Not only that, but these factors are dynamic! Neurons migrate during development, which means that local connections can translate into long-range connections. Transcriptomic signatures also change during development. It’s possible, for example, that CAMs are expressed only at an intermediate timepoint during development, to determine connections, then go away during adulthood. You can see hints of this in the Yoo et al. (2023) data, which captured transcriptomes at different time points.

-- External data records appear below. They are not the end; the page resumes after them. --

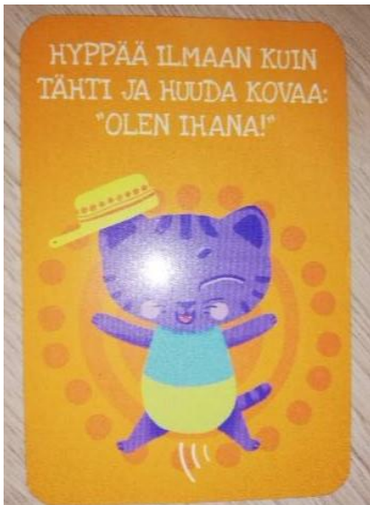
KUVA 3. Hidasta elämää – Lasten omat voimakortit

Kun jokainen lapsista oli saanut kertoa omista vahvuuksistaan, siirryimme viereiseen tilaan askartelemaan jokaiselle oman vahvuustähden. Noustessaan ylös, jokainen lapsi teki tähtihypyn ja huusi ”Olen ihana” (KUVA 3). Hypyn avulla halusimme vahvistaa lapsen positiivista minäkuvaa ja itsetuntoa sekä luottoa omaan itseensä.
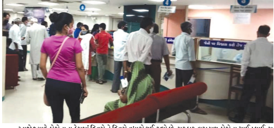
આજે જ્યારે કોરોનાના કેસમાં ટિવસે ને ટિવસે વધારો થઈ રહ્યો છે. સરકાર દ્વારા પણ કોરોના ગાર્ડઅઉન્સ આપવામાં આવી છે છતાં પણ આજે શહેરની સે. ૧૦ સ્થિત સ્ટેટ બેંક ઓફ ઈન્ડિયામાં સોશિયલ ડિસ્ટન્સીંગનો ભંગ થતો જોવા મળ્યો હતો.

વિદ્યાર્થીઓ માટે હયાત ફી લેવામાં આવે છે તે જ લેવાશે. રાજ્યમાં જીએમઈઆરએસ હસ્તકની સોલા, ગોંડી, ગાંધીનગર, વલસાડ, ધારપુર, હિંમતનગર, જુનાગઢ અને વડનગર મળી કુલ ૮ કોલેજો અને ૬ સરકારી મેડીકલ કોલેજ, સરકારી ૩-૨૮લ કોલેજ ૨ અને જી.એમ.ઈ.આર.એસ. હસ્તકની ૧ ૩-૨૮લ કોલેજમાં
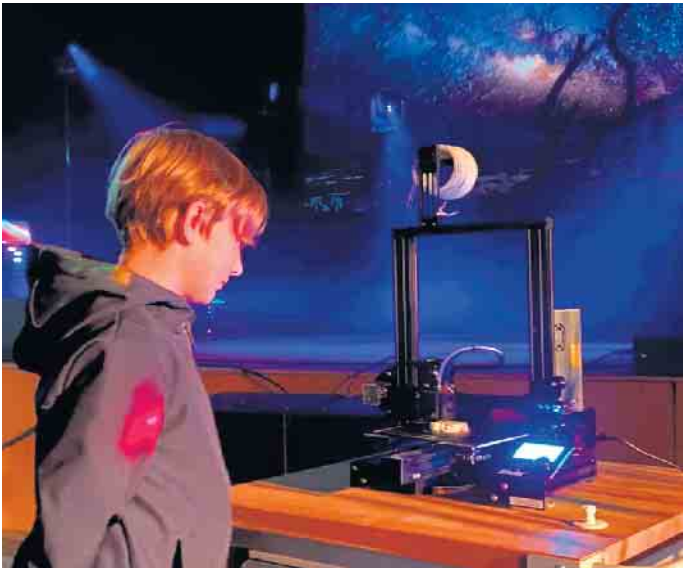
Jugendlicher Technikfan bestaunt 3D-Drucker unterm Sternenhimmel.

Illuminierter Sternenhimmel symbolisiert „Hightech zum Greifen nah“
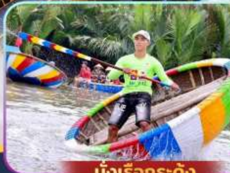
นั่งเรือกระดิง
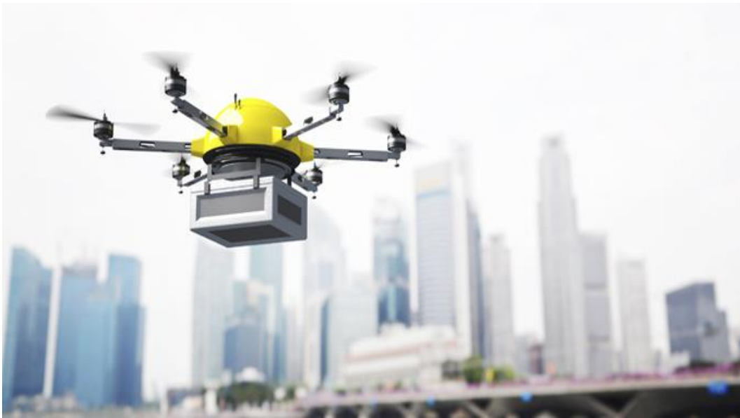
Şəkil 2. PUA ilə yüklərin daşınması

Hər şeydən əvvəl, xəritəçəkmə məqsədləri üçün aerofotoçəkilişlərin həyata keçirilməsi zamanı istifadə olunan PUA mükəmməl bir avtopilota malik olmalıdır. Bu avtopilot aparatın kütləsinin az olmasına baxmayaraq, çəkiliş parametrlərini (marşrut, kameranın əyilmə bucaqları, uzununa və eninə örtmə faizi, hündürlük və s.) saxlamağı bacarmalıdır [2].
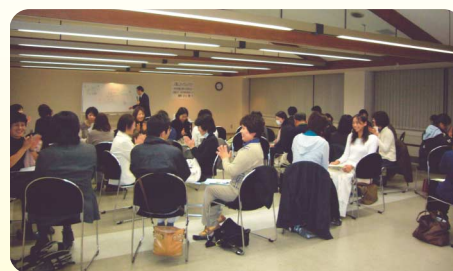
相手を変えてのコミュニケーション演習

セミナーの最終回でしたので、全4回中、3回以上出席した32名が修了証を受け取りました。
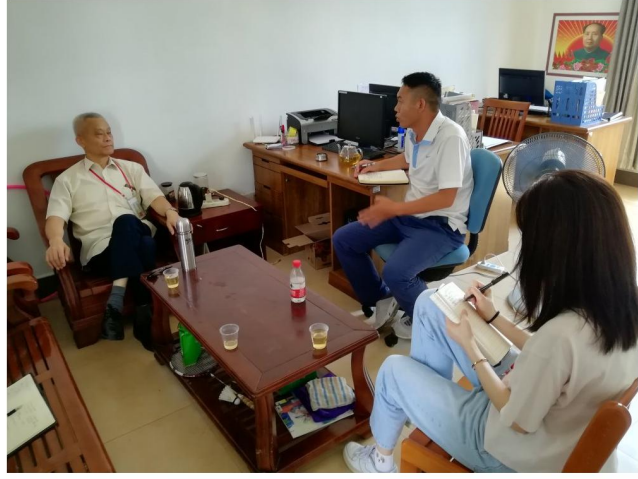
调研组在体育部交流座谈
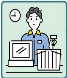
家計を支えるために労働をして、障がいや病気のある家族を助けている
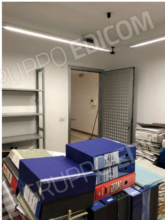
Ripresa fotografica n. 10
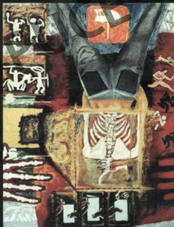
Fuga. Mixta / Oleo Jean. 1.70 x 1.50 m.
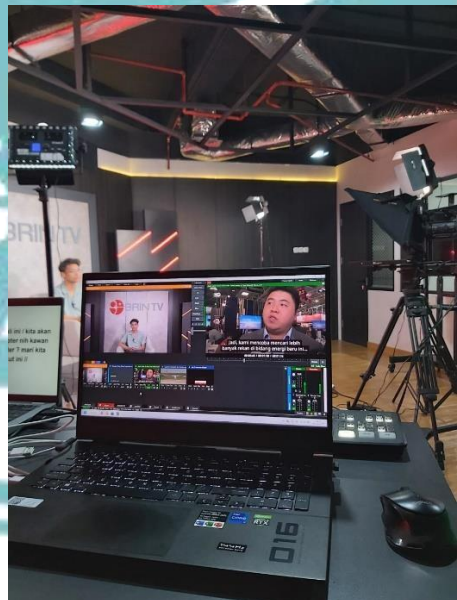
Studio News BRIN TV
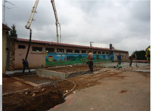
Réalisation des fondations
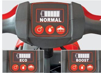
Digitale Anzeige 3 Saugleistungsstärken
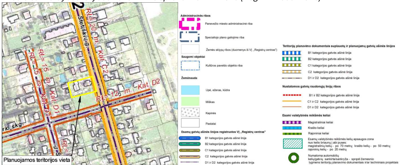
4 pav. Ištrauka iš sprendinių brėžinio

Panevėžio miesto (pietinės dalies) susisiekimo komunikacijų specialusis planas, patvirtintas Panevėžio miesto savivaldybės tarybos 2015-11-26 sprendimu Nr. 1-329 (Reg. Nr. T00077526)
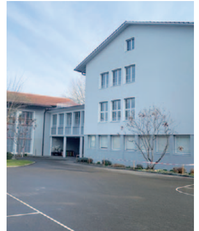
Schon bald bezieht die Schule DEDUCA die Räume des Schulhauses Erb.
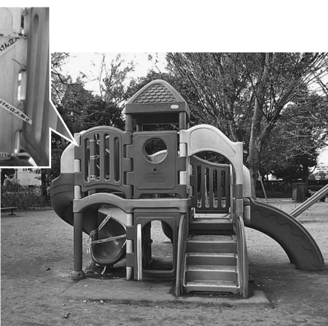
破損部を閉鎖した東部公園の遊具

教育長 進学前に中学校教員が小学校訪問し情報共有等している。スクールソーシャルワーカー配置で直接的支援を小・中学校を見通し継続的に行っていく。
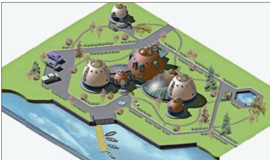
«Новое село — новая цивилизация» — победитель проектов развития территорий. Необходимый объем инвестиций, по подсчетам разработчиков, составляет 1,2 млрд рублей со сроком окупаемости от 3 до 5 лет
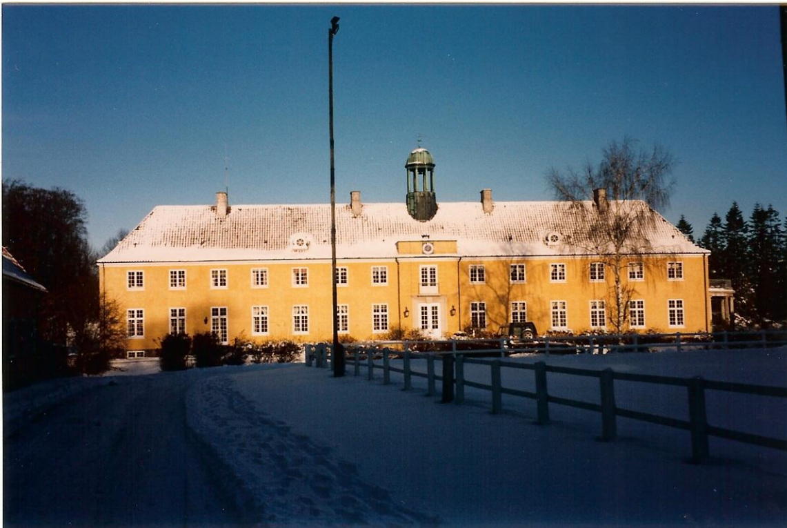
Møllerups hovedbygning, foto 1998. Ridebanen i forgrunden til højre, hestestalden til venstre. Uden for billedet, til højre, ligger den tidligere Hubertus-kro, der oprindeligt var bygget som studestald.
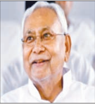
लोक न हो इसके लेकर एक सख्त कानून बनाने का निर्देश दिया। साथ ही कहा कि इससे संबंधित प्रस्ताव विधानसभा के सत्र प्रकाश की अनियमितता और प्रश्न पत्र
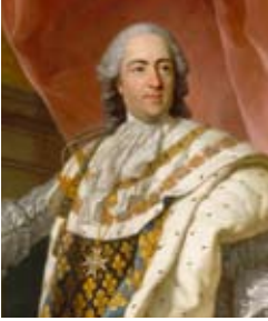
Louis XV (1710-1774), roi de France et de Navarre, en grand manteau royal en 1760, par Jean Martial Fredou (1710-1795), d'après Van Loo Louis-Michel (1707-1771), 1763, Versailles, château de Versailles

LOUIS MICHEL VAN LOO reçoit en 1759 la commande d'un portrait de Louis XV en costume royal, portant les insignes du sacre. Van Loo succède à Hyacinthe Rigaud, qui avait codifié le genre. Exposée au Salon en 1761, l'œuvre emporta l'adhésion du public et de la critique.
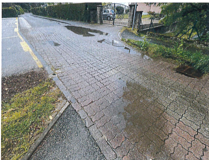
Fig. 8, Irrégularité et trous de la surface perméable de revêtement du milieu du chemin
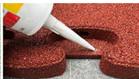
3. Dno wpustów (klejenie puzzli do siebie)
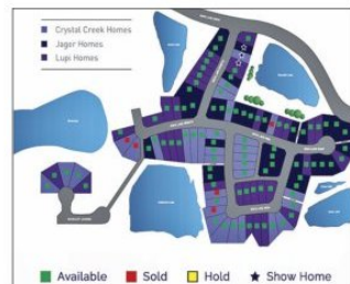
▲ 第四期五湖小區共 103 塊地皮，其中 59 塊可建分門地下室和 14 塊 RC2 地皮。(Rock Lake Estates 網站)

園，而且路徑通達，人們可以盡情享受散步、慢跑等戶外運動。社區周邊臨近學校、食雜店、餐館、農貿市場、高爾夫球場等，駕車僅需 5 分鐘可達沃爾瑪。另外，Rocky Ridge 健身休閒中心正在施工建設，僅步行 10 分鐘的路程。
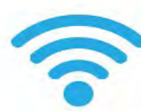
インターネット環境
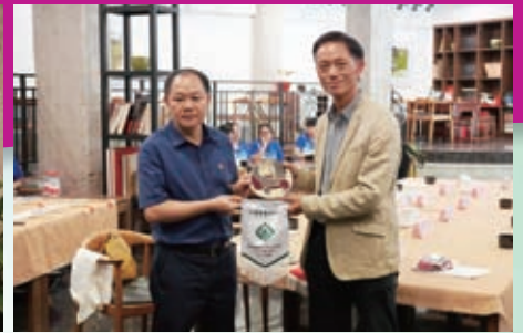
黃校長贈紀念品予蔡校長
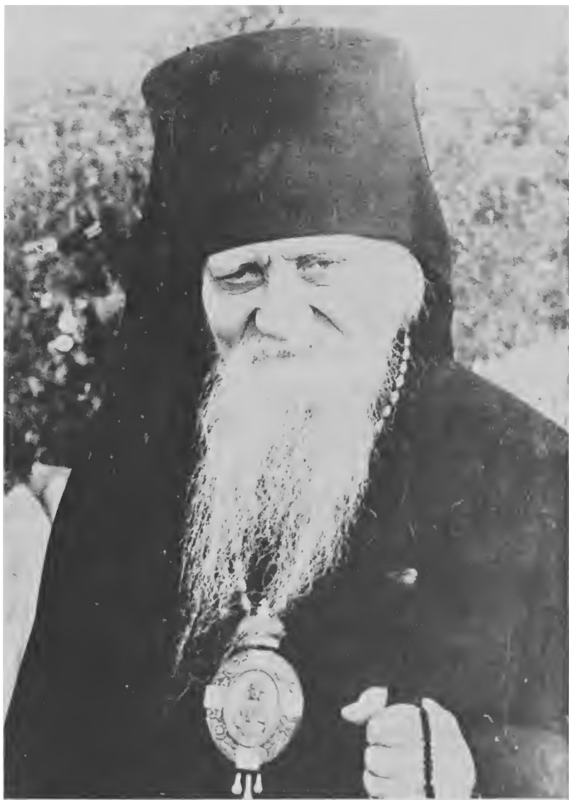
Епископ Ковровский Афанасий (Сахаров)
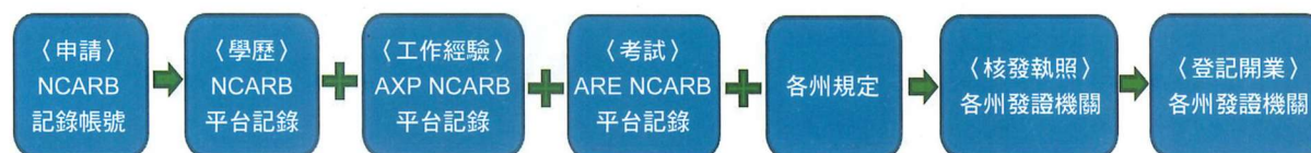
美國建築師執照取得流程示意
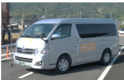
●ワンボックスタイプ (定員9名) 江田島北部線・沖美南部線・大須朝夕便で運行
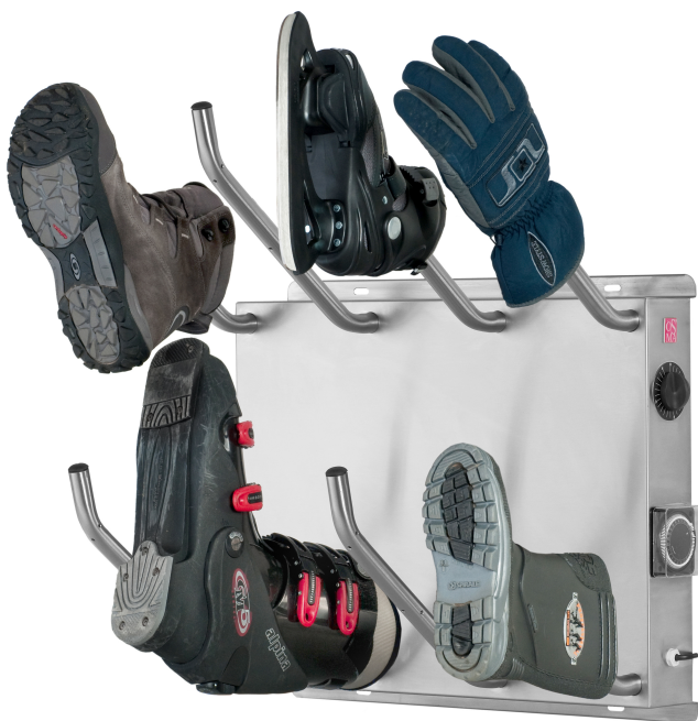
Ausführung family4 für 4 Paar Schuhe und Stiefel
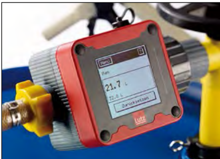
Durchflusszähler für Fass- und Containerpumpen.

…I could continue all day. The take-home here is that there are myriad routes through which cell types influence connectivity, that the connection rules don’t appear particularly mysterious, and that studying cell types and connectomes at the same time is fruitful.
Conclusion
The question “how does a genome specify brain circuits?” has an elegant answer: through cell types. Combinatorial gene expression patterns determine surface molecule profiles; these implement wiring rules specifying who connects to whom; and connectivity topology determines computational dynamics. The genome encodes not just anatomy but function. They also determine neuropeptide patterns, creating a parallel channel of communication that we’re just starting to investigate.
This helps explain why, for example, the hypothalamus harbors over a thousand cell types, while the cortex tiles the same canonical circuit across vast territory. Innate behaviors require specific circuits, and specific circuits require specific cell types, which determine wiring and wireless rules. Studying these signatures could help us finally understand how evolution wrote the instructions for building a brain. Moreover, they could help us understand the rich tapestry of innate drives and behaviors that define different species.